No-Bake Energy Bites

Featured in Finger Foods and Party Favorites.

Made with wholesome ingredients like oats and honey, these bites are perfect for on-the-go snacking. Add your favorite mix-ins for variety!
Aisha
Updated on Fri, 21 Mar 2025 17:15:28 GMT
A hand holding three oat and chocolate chip energy balls surrounded by small bowls of seeds, chocolate chips, and other ingredients. Pin it
A hand holding three oat and chocolate chip energy balls surrounded by small bowls of seeds, chocolate chips, and other ingredients. | cookingflavor.com

These Energy Balls come together without any baking and make a tasty, good-for-you treat you can munch on whenever hunger strikes. They're whipped up with simple, wholesome stuff and don't need any time in the oven, making them great for batch prep or when you need a quick pick-me-up. You can shape them into little rounds or flatten them into bars - they're super flexible and taste amazing either way.
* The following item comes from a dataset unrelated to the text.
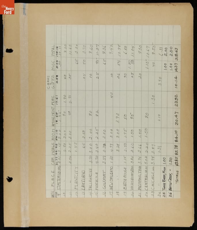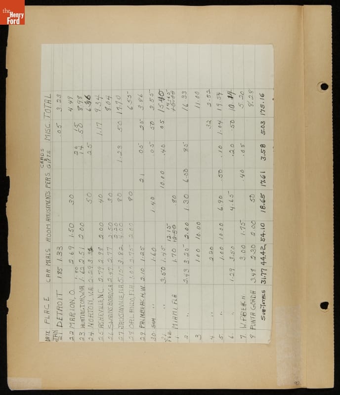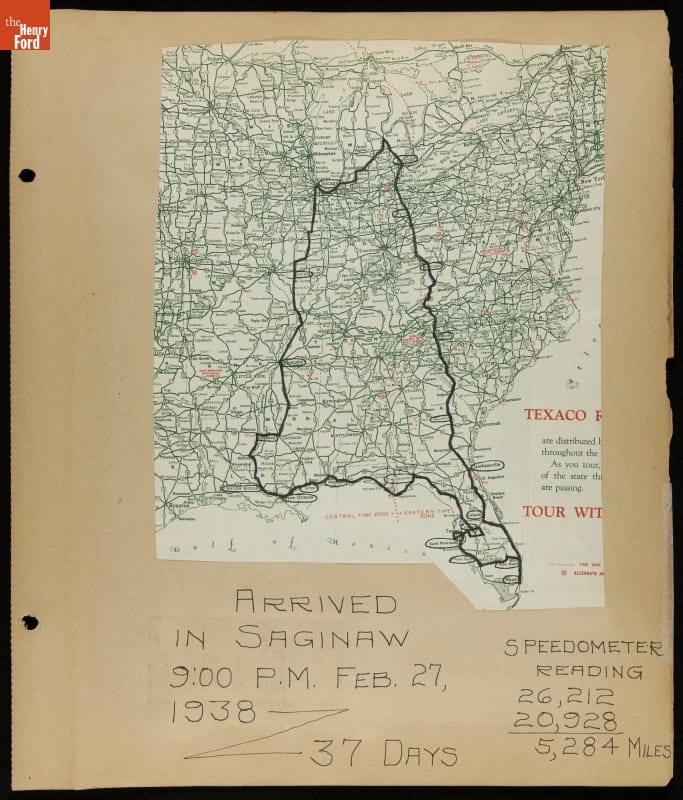 Travel Log of an Automobile Round-Trip from Saginaw, Michigan to Miami, Florida, January 21-February 27, 1938

What Makes These Bites So Great

Energy Balls without baking are a breeze to throw together, don't need many ingredients, and can be tweaked just how you like them. They fit perfectly into hectic days, giving you a nutritious option that's sweetened naturally and loaded with protein. They also keep well in your fridge or freezer, so they're handy for weekly prep or when you suddenly need something to munch on.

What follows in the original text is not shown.